Moreover, increased pricing scrutiny (e.g., Most Favoured Nation drug pricing) and regulatory policies (e.g., IRA) will challenge drug price increases in the future, limiting any passthrough of the sector. By allowing Medicare to negotiate prices (nine years after approval for small molecules and 13 for biologics), the IRA reduces prices at a stage when drugs are typically most profitable. Moreover, any version of the MFN, if implemented, would add to the risk by pegging US prices to lower international benchmarks. In response, firms are ramping up lobbying efforts to delay or soften implementation, while adjusting strategies: front-loading revenues, focusing R&D on therapies with high unmet need or shorter development cycles, and shifting portfolios toward biologics, which benefit from longer protection. Despite strong industry resistance, these reforms mark a turning point in US pricing dynamics by forcing Big Pharma to adapt both commercially and politically.

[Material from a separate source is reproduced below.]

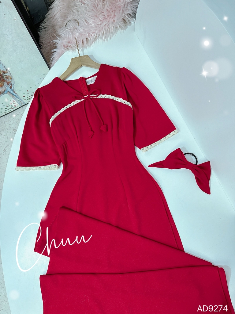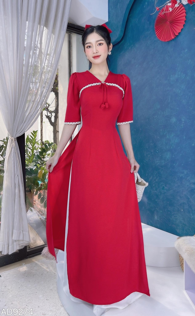 - Áo dài công sở cổ truyền thống viền trắng đính nơ cực xinh

Growing scrutiny over drug pricing may pose an existential threat to Pharmacy Benefit Managers (PBMs), but stand to reduce prices paid by the consumer. Companies like CVS Caremark, Express Scripts and OptumRx (accounting for 80% of the market) negotiate confidential rebates with drug manufacturers in exchange for a favourable position on insurance reimbursement forms. These rebates are often based on list prices rather than net prices, which incentivises manufacturers to raise list prices to remain competitive in rebate negotiations. As a result, PBMs may prioritise high-cost branded drugs over more affordable generics or biosimilars. These concerns have drawn closer attention from regulators, with US lawmakers and agencies investigating PBM practices. In addition, pharmaceutical companies such as Roche have expressed interest in bypassing PBMs entirely by selling directly to insurers or patients. This distortion has also enabled the rise of companies like Cost Plus Drugs which offer low-priced generics directly to consumers using a transparent pricing model that bypasses both PBMs and insurers.